I have a Pandas DataFrame containing a 2D array as a column looking something like the following:
Name 2DValueList
item 1 [ [ 0.0, 1.0 ], [ 0.0, 6.0 ], [ 0.0, 2.0 ] ]
item 2 [ [ 0.0, 2.0 ], [ 0.0, 1.0 ], [ 0.0, 1.0 ] ]
item 3 [ [ 0.0, 1.0 ], [ 0.0, 3.0 ], [ 0.0, 5.0 ], [ 0.0, 1.0 ] ]
item 4
item 5 [ [ 0.0, 4.0 ], [ 0.0, 1.0 ], [ 0.0, 2.0 ] ]
The first value isn't relative to this question so I've just made them all 0. I'm only interested in the second values. Also notice the amount of pairs can vary or be empty.

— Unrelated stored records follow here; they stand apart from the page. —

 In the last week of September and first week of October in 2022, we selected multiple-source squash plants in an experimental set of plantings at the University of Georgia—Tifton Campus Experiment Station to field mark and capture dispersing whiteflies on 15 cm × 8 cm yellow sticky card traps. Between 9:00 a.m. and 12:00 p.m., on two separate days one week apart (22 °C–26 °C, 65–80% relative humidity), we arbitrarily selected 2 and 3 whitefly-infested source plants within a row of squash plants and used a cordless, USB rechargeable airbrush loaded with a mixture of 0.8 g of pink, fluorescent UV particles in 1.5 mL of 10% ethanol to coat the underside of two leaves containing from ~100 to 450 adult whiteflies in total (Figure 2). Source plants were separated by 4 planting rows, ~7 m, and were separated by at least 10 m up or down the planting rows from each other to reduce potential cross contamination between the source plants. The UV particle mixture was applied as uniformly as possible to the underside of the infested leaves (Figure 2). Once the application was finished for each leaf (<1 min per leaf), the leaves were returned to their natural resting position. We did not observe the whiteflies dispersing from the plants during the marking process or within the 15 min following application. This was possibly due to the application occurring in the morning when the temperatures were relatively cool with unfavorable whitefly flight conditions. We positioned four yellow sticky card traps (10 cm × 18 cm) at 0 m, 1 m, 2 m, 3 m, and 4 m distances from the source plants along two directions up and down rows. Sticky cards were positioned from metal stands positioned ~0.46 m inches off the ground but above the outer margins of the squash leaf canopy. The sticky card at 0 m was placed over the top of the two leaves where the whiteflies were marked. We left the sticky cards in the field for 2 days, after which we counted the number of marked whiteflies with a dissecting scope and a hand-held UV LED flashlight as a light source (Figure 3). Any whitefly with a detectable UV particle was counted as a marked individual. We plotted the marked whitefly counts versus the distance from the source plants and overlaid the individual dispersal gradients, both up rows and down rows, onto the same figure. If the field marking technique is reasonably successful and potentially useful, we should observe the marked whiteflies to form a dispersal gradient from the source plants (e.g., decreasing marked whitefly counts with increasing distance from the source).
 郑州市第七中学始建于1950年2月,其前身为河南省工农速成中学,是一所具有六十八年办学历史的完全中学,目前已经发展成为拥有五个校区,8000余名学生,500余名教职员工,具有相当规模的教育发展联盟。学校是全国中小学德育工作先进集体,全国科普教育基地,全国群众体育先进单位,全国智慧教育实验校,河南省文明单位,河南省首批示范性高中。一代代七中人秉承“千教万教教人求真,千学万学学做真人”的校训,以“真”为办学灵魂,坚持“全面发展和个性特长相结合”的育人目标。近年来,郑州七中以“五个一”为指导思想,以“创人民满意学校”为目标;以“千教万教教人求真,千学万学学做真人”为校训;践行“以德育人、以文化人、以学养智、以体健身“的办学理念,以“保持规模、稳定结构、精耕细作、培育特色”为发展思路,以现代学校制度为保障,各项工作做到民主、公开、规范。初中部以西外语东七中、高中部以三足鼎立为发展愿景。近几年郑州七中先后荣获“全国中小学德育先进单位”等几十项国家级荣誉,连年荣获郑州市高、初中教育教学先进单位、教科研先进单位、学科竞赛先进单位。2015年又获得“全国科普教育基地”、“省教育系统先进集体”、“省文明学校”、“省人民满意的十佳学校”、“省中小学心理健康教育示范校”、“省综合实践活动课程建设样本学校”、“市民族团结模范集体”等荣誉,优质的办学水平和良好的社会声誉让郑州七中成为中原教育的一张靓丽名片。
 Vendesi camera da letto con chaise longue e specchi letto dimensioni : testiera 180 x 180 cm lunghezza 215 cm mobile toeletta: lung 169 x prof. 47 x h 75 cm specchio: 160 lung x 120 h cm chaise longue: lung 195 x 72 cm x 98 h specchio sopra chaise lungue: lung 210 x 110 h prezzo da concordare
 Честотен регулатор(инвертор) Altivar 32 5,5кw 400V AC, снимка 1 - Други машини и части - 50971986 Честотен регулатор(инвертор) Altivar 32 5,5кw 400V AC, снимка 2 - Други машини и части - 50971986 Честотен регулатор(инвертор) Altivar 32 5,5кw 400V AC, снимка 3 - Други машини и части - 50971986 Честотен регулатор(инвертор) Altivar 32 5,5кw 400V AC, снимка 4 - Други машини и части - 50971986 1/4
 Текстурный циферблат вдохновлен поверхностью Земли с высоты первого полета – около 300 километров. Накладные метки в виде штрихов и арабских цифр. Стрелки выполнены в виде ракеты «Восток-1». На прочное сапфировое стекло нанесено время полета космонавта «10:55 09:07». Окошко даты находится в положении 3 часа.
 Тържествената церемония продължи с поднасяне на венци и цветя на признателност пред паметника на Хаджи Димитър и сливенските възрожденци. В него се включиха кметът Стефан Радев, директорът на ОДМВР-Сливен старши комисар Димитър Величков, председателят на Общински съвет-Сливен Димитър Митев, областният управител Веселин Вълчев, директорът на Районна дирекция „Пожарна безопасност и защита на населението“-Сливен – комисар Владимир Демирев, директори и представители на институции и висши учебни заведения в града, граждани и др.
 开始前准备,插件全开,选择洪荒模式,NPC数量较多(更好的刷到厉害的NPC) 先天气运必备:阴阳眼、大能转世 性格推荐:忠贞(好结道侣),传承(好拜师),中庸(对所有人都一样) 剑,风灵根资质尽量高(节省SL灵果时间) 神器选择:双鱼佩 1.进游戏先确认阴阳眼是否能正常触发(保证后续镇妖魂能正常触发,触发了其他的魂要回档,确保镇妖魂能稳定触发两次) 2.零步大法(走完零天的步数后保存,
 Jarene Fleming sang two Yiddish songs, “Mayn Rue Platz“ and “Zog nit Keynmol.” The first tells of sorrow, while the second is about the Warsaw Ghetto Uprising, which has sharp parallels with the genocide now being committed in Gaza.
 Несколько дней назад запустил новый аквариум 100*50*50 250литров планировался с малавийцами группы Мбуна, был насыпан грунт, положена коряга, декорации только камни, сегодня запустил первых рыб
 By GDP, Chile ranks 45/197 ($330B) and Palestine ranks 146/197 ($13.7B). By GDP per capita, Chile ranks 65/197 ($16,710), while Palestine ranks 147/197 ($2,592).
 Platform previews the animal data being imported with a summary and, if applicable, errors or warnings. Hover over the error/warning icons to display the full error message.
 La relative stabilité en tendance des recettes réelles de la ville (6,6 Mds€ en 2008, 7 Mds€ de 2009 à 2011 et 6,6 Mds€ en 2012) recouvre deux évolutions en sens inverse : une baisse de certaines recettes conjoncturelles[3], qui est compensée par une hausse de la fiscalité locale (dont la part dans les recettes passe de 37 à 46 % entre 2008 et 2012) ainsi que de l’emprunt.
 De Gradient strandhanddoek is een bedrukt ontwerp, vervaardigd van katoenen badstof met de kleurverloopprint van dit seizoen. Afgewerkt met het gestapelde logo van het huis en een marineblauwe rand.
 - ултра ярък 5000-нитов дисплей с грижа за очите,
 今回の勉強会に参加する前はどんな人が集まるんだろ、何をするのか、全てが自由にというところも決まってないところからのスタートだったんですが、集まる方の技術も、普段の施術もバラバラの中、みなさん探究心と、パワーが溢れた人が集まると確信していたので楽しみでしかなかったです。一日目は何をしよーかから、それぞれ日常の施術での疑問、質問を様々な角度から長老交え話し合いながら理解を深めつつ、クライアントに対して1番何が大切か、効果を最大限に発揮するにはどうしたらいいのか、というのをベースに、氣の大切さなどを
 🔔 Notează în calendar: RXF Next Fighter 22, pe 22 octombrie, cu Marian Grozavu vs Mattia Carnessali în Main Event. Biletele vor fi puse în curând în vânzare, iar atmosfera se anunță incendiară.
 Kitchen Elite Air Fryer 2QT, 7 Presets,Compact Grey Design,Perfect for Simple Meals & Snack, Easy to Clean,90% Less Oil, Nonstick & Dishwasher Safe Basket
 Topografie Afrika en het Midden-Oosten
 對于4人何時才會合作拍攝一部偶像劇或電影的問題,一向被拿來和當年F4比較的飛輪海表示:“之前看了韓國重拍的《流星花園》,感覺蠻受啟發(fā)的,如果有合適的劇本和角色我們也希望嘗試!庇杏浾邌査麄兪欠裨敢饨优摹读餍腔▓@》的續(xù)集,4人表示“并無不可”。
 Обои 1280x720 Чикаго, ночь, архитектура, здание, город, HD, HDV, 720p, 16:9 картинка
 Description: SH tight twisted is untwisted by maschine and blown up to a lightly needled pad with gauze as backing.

I want to be able to make a new dataframe that just contains the top (largest) n elements from the array.
It would look like this for the top 2 elements:
Name 2DValueList
item 1 [ [ 0.0, 6.0 ], [ 0.0, 2.0 ] ]
item 2 [ [ 0.0, 2.0 ], [ 0.0, 1.0 ] ]
item 3 [ [ 0.0, 5.0 ], [ 0.0, 3.0 ] ]
item 4
item 5 [ [ 0.0, 4.0 ], [ 0.0, 2.0 ] ]
I would use pandas nlargest, but I'm not sure how to make it accept a column that is a 2D array.
In reality, the 2D array holds thousands of value pairs and there are tens of thousands of rows. I'm open to better ways to hold this data that would be more versatile.